WAS MACHE ICH FALSCH?

Ich bin fertig mit meinem Latein ...  :Sad: 

----------

## Dimitri

Hi,

die Meldung hatte ich auch mal... hab sie aber irgendwie wegbekommen hmm. 

Aber was wirklich zählt: Das ganze IST aktiv. Mach doch mal hdparm /dev/hda und schaus dir selbst an.

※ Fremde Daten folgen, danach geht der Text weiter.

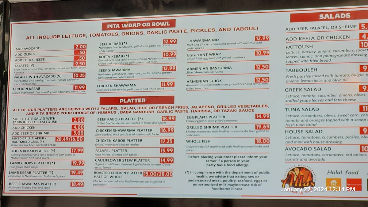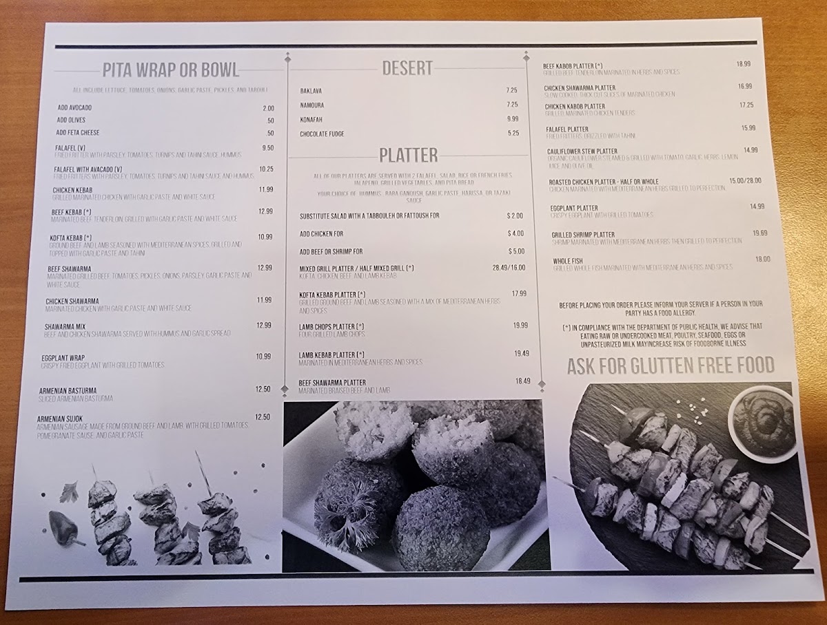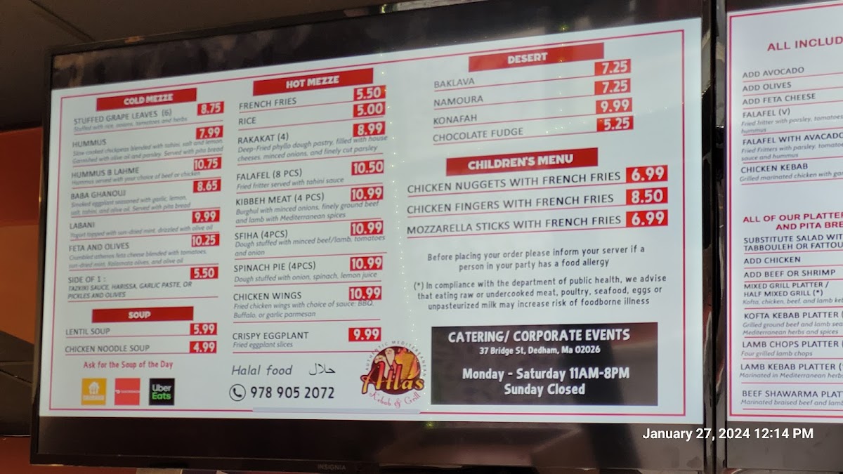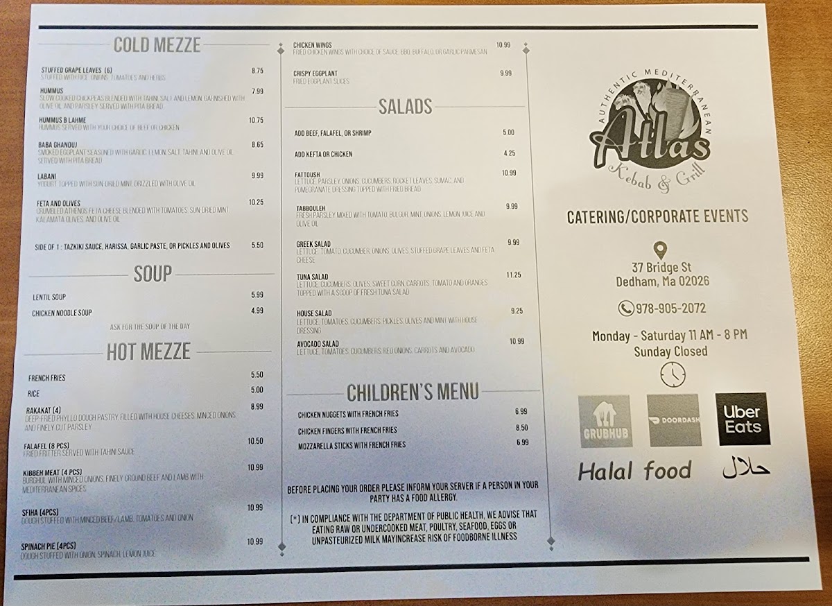 The menu at Atlas Kebab And Grill feels thoughtfully curated, focusing on a balance of hearty grilled plates and comforting Mediterranean staples that reflect consistency and care rather than unnecessary excess. The Chicken Kabob Platter stands out as a core offering, showcasing well-seasoned, grilled chicken that anchors the menu with a filling and reliable main option, ideal for diners looking for a complete meal. Supporting flavors like the Side of Taziki Sauce add freshness and creaminess, enhancing both grilled meats and sandwiches without overpowering them. For those interested in bolder, spiced profiles, the Moroccan Sausage brings depth and warmth, highlighting the kitchen’s ability to handle robust seasoning while keeping the dish approachable. Meanwhile, the Falafel Sandwich rounds out the menu as a satisfying vegetarian choice, offering crisp texture and familiar Middle Eastern flavors in a convenient format. Overall, the menu emphasizes straightforward execution, recognizable dishes, and complementary sides, making it easy for guests to navigate and enjoy without distraction, while still delivering variety through different proteins, textures, and flavor profiles.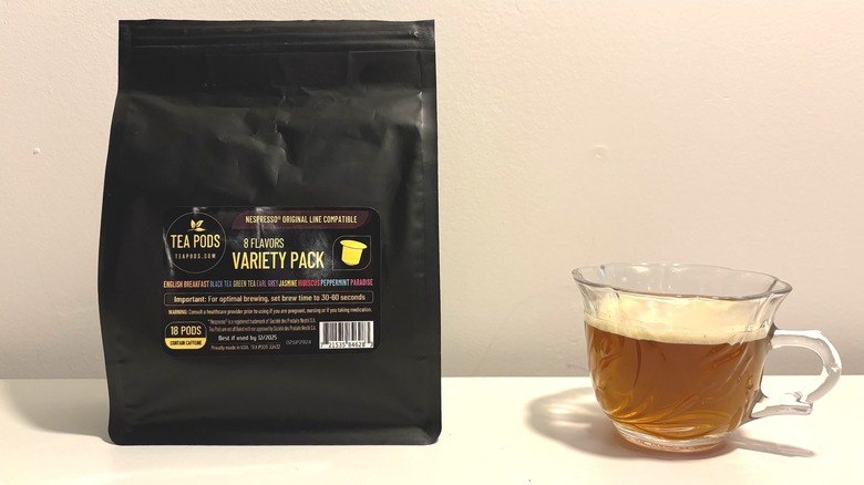 Personally, I liked the potency of a 4-ounce brew of the company's peppermint tea, which was refreshing and heavily minty. On the other hand, I think I'd enjoy its hibiscus pod more as a large brew. Or, I'd use the smaller brew as a tea ingredient for a mocktail. It was floral, jammy, and pretty juicy — a delightful brew, in my opinion. The jasmine tea pod was also bright and floral. My only complaint was that it's slightly bitter, but I think it would be delightful with some honey. The company's paradise pod was the one that took me the most by surprise. It was a fruity black tea, a bit unlike any tea I've ever tasted, but I enjoyed it. I could see the perfumey scent being off-putting to some consumers, but I'd urge you to give this a try before eschewing it.

Ach ja: Du solltest überall noch -k1 miteinfügen, denn ansonsten wird nach einem IDE Reset (wird im laufenden Betrieb gemacht) alles wieder auf den langsamen Standardwert gesetzt.

Dim

PS: Die Option Enable DMA at boot (oder so ähnlich) hast schon im Kernel drin oder?

----------

## -leliel-

bei mir erscheint die meldung auch die ganze zeit (weiss net, ob sie seit meinem letzten kernelupdate auf 2.5.75mm1 noch da ist, achte da nemmer drauf) ...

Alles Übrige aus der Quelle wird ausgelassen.